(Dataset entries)
########

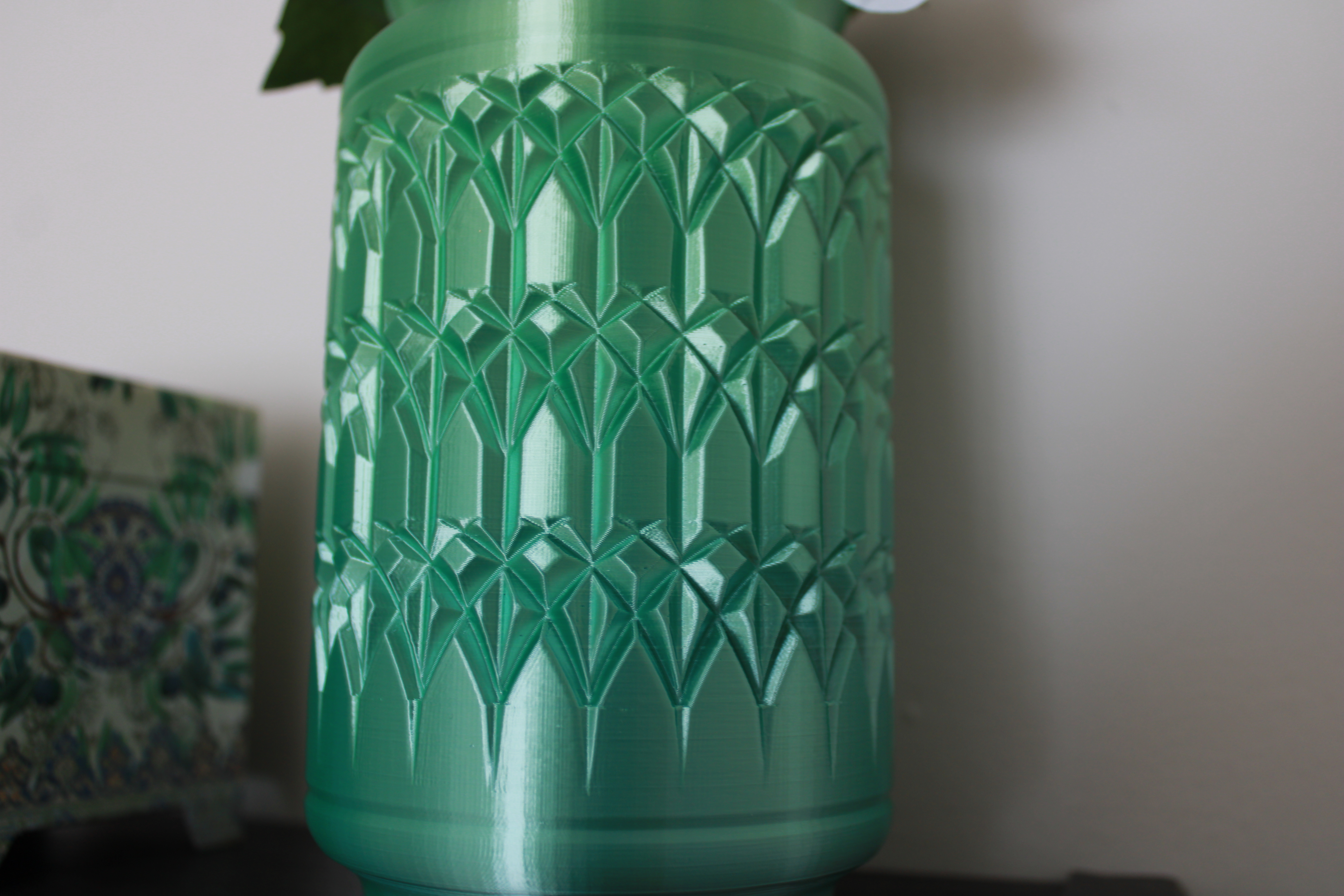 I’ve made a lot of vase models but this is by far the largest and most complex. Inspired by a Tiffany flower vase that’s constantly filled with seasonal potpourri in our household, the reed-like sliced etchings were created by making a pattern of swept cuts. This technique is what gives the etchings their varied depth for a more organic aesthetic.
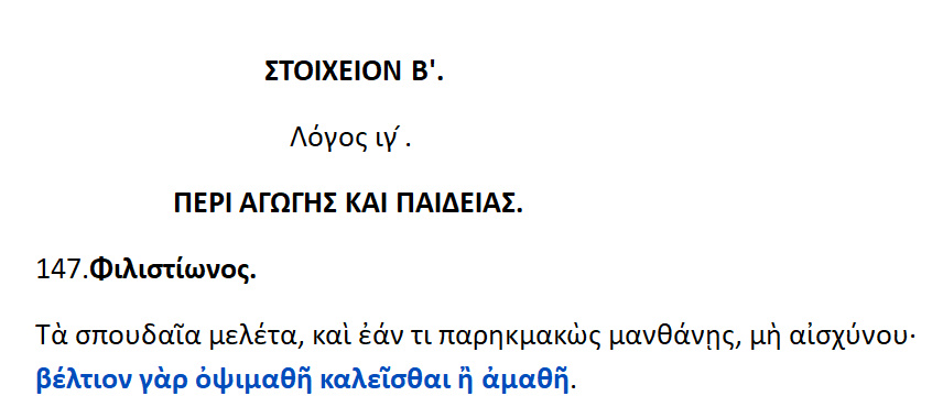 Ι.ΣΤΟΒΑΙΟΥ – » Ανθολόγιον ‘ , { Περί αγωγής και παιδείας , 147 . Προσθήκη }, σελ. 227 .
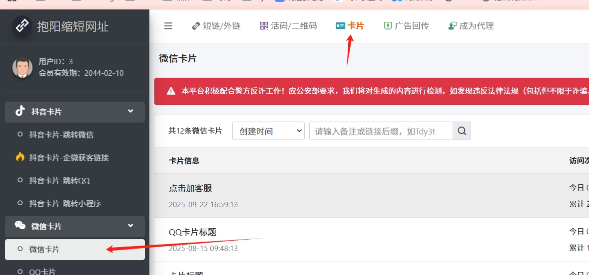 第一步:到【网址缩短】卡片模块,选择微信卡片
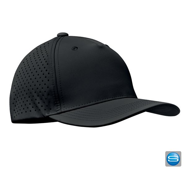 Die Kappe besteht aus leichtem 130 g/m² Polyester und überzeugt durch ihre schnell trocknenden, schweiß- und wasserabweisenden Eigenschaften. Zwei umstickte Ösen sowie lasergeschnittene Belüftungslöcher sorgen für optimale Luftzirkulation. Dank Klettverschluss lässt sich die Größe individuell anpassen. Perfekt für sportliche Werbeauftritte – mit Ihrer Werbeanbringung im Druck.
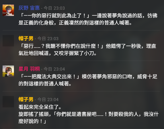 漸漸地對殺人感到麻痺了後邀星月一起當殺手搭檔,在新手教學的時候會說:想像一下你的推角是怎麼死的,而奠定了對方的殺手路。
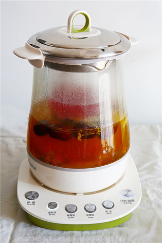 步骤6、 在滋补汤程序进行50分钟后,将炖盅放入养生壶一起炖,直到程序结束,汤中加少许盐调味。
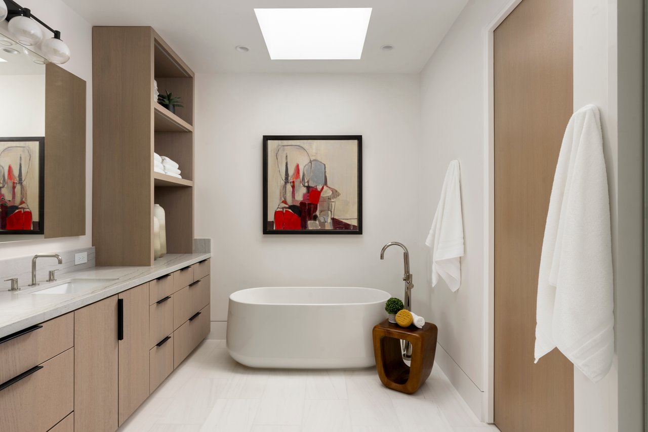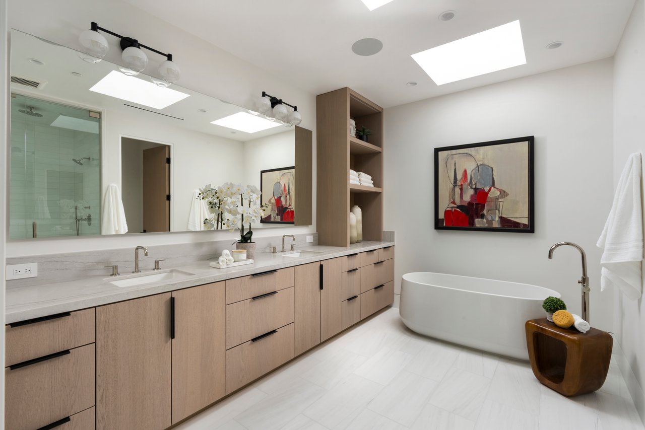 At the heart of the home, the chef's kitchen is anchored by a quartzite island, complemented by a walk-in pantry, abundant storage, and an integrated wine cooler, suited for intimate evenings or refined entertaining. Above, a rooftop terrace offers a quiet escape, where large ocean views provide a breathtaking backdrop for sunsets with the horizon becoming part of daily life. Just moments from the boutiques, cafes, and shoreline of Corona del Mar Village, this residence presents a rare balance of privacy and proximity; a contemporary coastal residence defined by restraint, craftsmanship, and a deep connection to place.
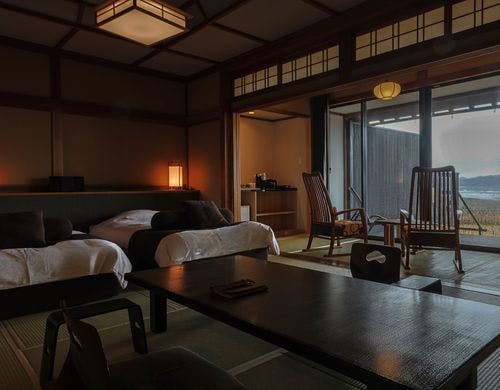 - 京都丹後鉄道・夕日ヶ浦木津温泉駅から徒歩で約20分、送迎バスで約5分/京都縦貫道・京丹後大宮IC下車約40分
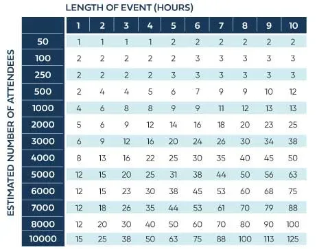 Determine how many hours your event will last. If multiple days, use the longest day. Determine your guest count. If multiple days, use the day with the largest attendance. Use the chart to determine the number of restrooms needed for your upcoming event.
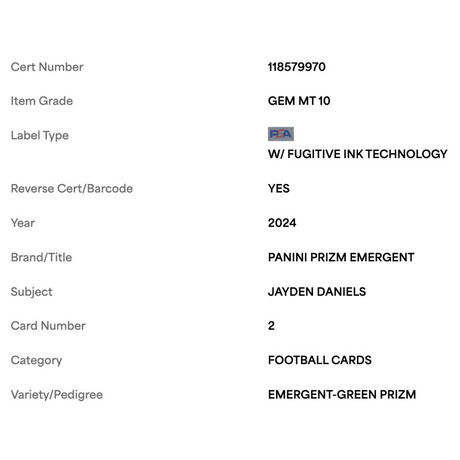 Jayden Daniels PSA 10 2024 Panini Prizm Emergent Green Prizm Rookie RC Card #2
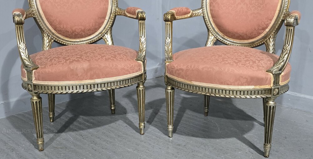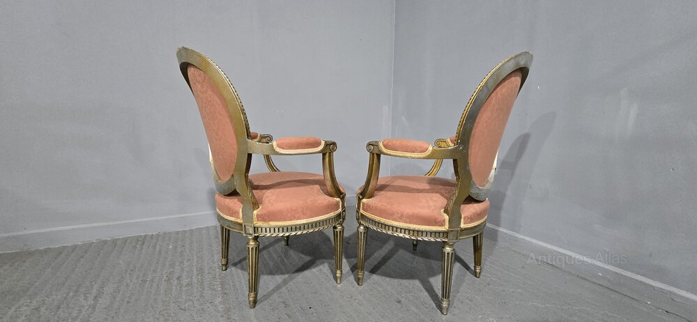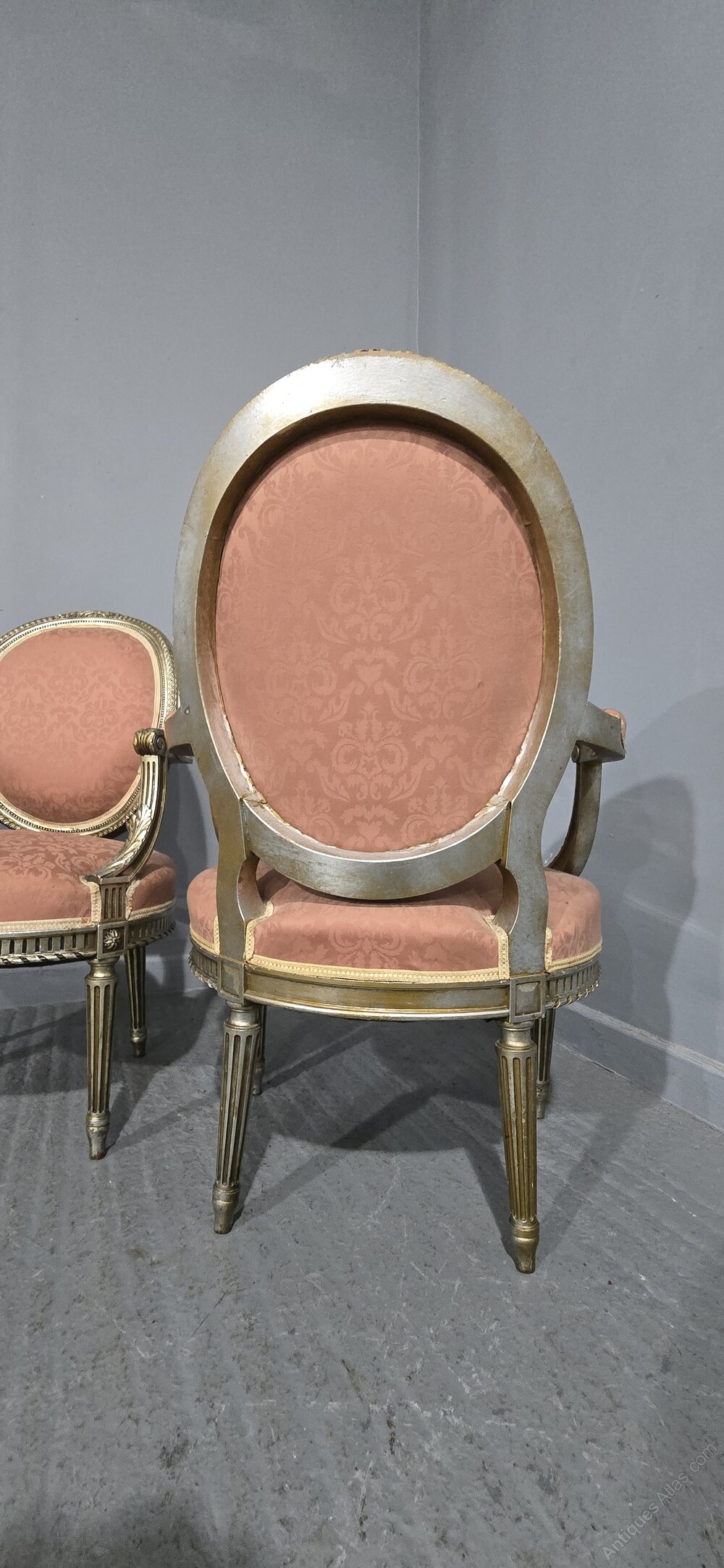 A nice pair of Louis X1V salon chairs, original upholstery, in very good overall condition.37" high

########

Output every record above exactly, leaving out the pictures.

**TASK ANSWER:**
 I’ve made a lot of vase models but this is by far the largest and most complex. Inspired by a Tiffany flower vase that’s constantly filled with seasonal potpourri in our household, the reed-like sliced etchings were created by making a pattern of swept cuts. This technique is what gives the etchings their varied depth for a more organic aesthetic.
 Ι.ΣΤΟΒΑΙΟΥ – » Ανθολόγιον ‘ , { Περί αγωγής και παιδείας , 147 . Προσθήκη }, σελ. 227 .
 第一步:到【网址缩短】卡片模块,选择微信卡片
 Die Kappe besteht aus leichtem 130 g/m² Polyester und überzeugt durch ihre schnell trocknenden, schweiß- und wasserabweisenden Eigenschaften. Zwei umstickte Ösen sowie lasergeschnittene Belüftungslöcher sorgen für optimale Luftzirkulation. Dank Klettverschluss lässt sich die Größe individuell anpassen. Perfekt für sportliche Werbeauftritte – mit Ihrer Werbeanbringung im Druck.
 漸漸地對殺人感到麻痺了後邀星月一起當殺手搭檔,在新手教學的時候會說:想像一下你的推角是怎麼死的,而奠定了對方的殺手路。
 步骤6、 在滋补汤程序进行50分钟后,将炖盅放入养生壶一起炖,直到程序结束,汤中加少许盐调味。
 At the heart of the home, the chef's kitchen is anchored by a quartzite island, complemented by a walk-in pantry, abundant storage, and an integrated wine cooler, suited for intimate evenings or refined entertaining. Above, a rooftop terrace offers a quiet escape, where large ocean views provide a breathtaking backdrop for sunsets with the horizon becoming part of daily life. Just moments from the boutiques, cafes, and shoreline of Corona del Mar Village, this residence presents a rare balance of privacy and proximity; a contemporary coastal residence defined by restraint, craftsmanship, and a deep connection to place.
 - 京都丹後鉄道・夕日ヶ浦木津温泉駅から徒歩で約20分、送迎バスで約5分/京都縦貫道・京丹後大宮IC下車約40分
 Determine how many hours your event will last. If multiple days, use the longest day. Determine your guest count. If multiple days, use the day with the largest attendance. Use the chart to determine the number of restrooms needed for your upcoming event.
 Jayden Daniels PSA 10 2024 Panini Prizm Emergent Green Prizm Rookie RC Card #2
 A nice pair of Louis X1V salon chairs, original upholstery, in very good overall condition.37" high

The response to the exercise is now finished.